Esther’s Christmas

By Rev. Jim Riley

I first met Esther in the hospital.  Recurring benign lumps would appear in her arms that had to be removed.  I had a good time visiting with her because she wasn’t really sick.  She had friends in our church and once I asked her why she didn’t come to church.  She told me, “Some people thinks I’m a little coarse.”

She was a little coarse.  The place she lived a few miles out of town hadn’t seen paint in years, and the small, front porch was sagging.  The barns were in better shape.  There were still tree limbs strewn about her front yard and pastures from a tornado that had happened a couple of years before our family moved to the community. The tornado hadn’t damaged the buildings.

Esther loved her cattle.  She had seen enough years with strong cattle prices, that she was known to be quite wealthy.  She also owned some mining property in South Dakota that she had to go look after now and again.  She liked being a western woman in something of a rough and tumble sense and she could put me in mind of Calamity Jane.

The thing Esther loved to do with her money was to take long trips.  She enjoyed England with its royal traditions and its history.  She loved Australia even more.  She told me she loved to board the train in Sydney and travel to Perth just to watch the animals in the outback.  The kangaroos delighted her when she saw them as they fled from the train and ran through the open countryside.  Something she told me she liked even better was “traveling with the doctors, lawyers, bankers, and such types as taking those kinds of trips.”  She loved to tell them stories and keep them entertained with her smart remarks and ways of doing things.  I remember one time in our own town when she rode in the back of a pick-up dressed as a kangaroo for a community celebration.  She had a big time calling out to people who knew her.

Somebody told me that if I ever heard Esther play the piano, I would love it.  She could really pound out the tunes.  They also told me I would never get in the door of the house.  It was a big mess, and she didn’t want people to come.

One time when I saw Esther in the hospital, she was a little blue.  It was probably about a month before Christmas.  I mentioned Christmas because I thought it would be something to talk about.  She told me, “I just don’t get excited about Christmas.  Nobody thinks about me; I don’t think about them.  Nobody has ever brought me a box of cookies and such like they do other older people.”  I would have thought Esther would be offended if somebody did bring her a box of goodies as they did for other older people.

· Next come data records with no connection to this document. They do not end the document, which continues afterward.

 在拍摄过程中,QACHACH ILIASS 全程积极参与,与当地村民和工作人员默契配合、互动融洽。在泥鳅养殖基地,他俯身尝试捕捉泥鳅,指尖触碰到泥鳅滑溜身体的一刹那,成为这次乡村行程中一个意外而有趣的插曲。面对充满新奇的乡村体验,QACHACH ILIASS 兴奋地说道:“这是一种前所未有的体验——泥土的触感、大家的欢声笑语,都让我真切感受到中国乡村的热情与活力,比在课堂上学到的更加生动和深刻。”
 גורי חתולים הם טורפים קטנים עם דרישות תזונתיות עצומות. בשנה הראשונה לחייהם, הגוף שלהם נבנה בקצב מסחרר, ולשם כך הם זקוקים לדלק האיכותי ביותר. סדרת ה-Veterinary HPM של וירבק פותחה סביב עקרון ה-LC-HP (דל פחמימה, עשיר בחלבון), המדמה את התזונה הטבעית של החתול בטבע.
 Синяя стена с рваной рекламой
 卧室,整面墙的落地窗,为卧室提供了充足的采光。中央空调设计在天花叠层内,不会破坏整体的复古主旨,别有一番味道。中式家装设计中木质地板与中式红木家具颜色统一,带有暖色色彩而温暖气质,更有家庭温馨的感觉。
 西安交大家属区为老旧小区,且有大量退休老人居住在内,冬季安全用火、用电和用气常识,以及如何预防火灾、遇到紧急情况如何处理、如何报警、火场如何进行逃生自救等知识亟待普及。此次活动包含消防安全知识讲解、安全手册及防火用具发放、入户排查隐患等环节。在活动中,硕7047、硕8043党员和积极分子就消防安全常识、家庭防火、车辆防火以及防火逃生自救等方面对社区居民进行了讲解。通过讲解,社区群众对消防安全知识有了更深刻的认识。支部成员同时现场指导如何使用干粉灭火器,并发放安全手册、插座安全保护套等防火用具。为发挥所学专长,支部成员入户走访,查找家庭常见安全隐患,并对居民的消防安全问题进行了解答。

Esther went on, “And when we had that tornado a few years ago—they went and helped everybody around but me.  Nobody came to my house to pick up sticks and branches.  They don’t care, and I don’t care.  No, I don’t even like Christmas very much.  I lost my husband on Christmas day, so it has never meant very much after that.  It’s kind of a sad time.  I would just rather be out in my barn with the animals.”

That’s pretty much where we left the conversation.  I did leave the hospital with an idea.  The young adults would have their Christmas gathering at just about the right time to fix a box for Esther.  I thought it would bring her a little Christmas cheer.

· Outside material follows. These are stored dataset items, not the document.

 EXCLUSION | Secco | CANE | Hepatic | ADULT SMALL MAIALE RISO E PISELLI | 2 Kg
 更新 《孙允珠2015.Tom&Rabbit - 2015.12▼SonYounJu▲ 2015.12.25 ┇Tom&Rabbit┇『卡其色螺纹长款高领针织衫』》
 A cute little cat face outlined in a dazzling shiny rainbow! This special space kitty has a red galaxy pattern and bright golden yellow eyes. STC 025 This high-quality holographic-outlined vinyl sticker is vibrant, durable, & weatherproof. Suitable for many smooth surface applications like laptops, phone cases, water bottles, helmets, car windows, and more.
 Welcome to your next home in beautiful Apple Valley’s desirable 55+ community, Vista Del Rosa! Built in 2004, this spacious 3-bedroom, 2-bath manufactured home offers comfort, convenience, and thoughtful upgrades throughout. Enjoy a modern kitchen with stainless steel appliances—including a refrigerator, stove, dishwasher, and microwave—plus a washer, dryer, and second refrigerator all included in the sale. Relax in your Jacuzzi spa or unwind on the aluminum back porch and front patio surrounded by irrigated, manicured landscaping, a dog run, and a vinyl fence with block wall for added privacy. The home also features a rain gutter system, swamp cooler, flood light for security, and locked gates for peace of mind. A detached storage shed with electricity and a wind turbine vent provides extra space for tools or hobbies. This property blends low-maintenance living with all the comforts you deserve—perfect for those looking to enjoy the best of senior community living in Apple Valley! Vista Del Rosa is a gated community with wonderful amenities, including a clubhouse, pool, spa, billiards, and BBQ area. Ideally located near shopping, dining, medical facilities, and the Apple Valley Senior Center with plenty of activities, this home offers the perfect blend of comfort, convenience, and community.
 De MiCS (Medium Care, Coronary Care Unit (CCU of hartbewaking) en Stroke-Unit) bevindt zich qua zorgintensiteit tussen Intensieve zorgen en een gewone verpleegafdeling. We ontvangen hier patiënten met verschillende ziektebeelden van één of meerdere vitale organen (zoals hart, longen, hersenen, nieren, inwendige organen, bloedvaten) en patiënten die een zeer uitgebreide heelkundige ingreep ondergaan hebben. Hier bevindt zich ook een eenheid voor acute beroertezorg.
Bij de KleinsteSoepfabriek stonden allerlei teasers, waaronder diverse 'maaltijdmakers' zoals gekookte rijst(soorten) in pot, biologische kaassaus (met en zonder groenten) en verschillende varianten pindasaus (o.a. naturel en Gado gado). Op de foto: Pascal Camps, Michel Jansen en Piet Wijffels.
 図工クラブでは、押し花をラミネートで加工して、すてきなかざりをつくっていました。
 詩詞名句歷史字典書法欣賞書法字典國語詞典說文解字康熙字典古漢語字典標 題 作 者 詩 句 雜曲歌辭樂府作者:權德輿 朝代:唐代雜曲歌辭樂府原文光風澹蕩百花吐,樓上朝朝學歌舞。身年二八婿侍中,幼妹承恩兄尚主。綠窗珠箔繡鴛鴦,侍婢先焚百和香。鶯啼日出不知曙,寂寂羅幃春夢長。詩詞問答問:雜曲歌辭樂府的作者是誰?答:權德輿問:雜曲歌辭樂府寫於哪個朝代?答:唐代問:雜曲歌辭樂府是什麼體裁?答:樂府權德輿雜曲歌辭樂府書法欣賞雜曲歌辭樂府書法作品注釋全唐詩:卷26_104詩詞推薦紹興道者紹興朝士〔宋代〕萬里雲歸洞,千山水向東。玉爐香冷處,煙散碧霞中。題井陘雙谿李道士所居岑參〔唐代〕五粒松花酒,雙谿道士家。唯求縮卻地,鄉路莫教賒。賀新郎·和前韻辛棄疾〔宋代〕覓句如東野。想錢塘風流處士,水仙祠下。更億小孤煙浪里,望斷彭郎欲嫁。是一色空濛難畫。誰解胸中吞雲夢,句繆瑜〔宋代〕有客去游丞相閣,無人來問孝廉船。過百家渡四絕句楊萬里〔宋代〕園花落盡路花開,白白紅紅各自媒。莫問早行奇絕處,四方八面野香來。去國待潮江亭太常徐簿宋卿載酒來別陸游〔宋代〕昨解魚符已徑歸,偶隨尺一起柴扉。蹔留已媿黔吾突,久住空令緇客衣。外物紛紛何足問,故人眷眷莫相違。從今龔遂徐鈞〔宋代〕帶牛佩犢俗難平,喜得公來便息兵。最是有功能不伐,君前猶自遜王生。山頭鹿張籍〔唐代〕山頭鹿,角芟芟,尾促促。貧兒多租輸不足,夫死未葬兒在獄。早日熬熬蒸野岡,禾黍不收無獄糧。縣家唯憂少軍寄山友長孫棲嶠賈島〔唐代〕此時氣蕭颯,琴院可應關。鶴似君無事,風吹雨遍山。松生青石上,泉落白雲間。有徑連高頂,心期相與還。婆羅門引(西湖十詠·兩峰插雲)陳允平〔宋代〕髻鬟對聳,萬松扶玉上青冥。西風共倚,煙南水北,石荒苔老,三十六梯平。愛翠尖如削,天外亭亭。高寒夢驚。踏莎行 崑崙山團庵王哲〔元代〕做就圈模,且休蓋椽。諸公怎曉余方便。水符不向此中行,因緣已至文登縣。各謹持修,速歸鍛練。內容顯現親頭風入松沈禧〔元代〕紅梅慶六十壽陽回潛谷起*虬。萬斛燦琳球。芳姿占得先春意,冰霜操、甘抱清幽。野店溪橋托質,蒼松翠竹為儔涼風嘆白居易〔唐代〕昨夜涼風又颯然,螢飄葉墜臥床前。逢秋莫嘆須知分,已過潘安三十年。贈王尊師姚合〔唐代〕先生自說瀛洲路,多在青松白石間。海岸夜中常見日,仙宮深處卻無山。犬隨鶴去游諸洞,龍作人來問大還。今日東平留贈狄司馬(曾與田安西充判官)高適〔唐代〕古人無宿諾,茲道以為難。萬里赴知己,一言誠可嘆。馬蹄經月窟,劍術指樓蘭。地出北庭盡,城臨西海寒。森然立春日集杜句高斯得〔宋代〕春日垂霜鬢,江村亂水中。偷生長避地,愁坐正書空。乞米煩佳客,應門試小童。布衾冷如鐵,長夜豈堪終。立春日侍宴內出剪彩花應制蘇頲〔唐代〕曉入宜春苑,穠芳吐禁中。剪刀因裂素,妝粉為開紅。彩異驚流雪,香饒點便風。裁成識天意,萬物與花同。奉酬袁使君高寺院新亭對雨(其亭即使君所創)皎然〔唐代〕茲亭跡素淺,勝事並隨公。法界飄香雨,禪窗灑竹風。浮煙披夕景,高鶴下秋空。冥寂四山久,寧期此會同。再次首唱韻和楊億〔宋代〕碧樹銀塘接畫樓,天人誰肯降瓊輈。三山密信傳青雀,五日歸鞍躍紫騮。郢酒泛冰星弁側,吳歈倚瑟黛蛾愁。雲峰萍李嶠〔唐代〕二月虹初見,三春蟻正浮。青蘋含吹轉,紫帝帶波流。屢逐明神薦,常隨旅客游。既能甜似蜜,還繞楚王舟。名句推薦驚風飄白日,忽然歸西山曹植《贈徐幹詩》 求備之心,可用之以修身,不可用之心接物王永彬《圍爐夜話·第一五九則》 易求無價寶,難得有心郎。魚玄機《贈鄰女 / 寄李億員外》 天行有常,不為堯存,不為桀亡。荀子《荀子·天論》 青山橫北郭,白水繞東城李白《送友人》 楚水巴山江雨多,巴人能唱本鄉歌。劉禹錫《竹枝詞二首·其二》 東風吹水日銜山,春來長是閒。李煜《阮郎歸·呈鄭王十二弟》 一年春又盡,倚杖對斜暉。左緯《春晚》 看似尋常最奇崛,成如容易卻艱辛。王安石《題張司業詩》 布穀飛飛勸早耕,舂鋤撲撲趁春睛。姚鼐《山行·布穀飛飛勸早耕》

After the young adults came back from caroling we settled back into a cozy living room with a tree and lights. We had more food than we needed with our cocoa. It felt good to swap tales about our kids and things that went on at school and Sunday school along with a little speculation about how the bowl games would come out.  

Finally someone mentioned taking boxes to a few of the older people.  I mentioned Esther.  Conversation stopped.  The room turned cold.  One good friend looked at me and said, “Esther?”

 I said, “Esther.  Why not Esther?  I was talking to her the other day.  She told me nobody came to help her after the tornado.  She was a little hurt.”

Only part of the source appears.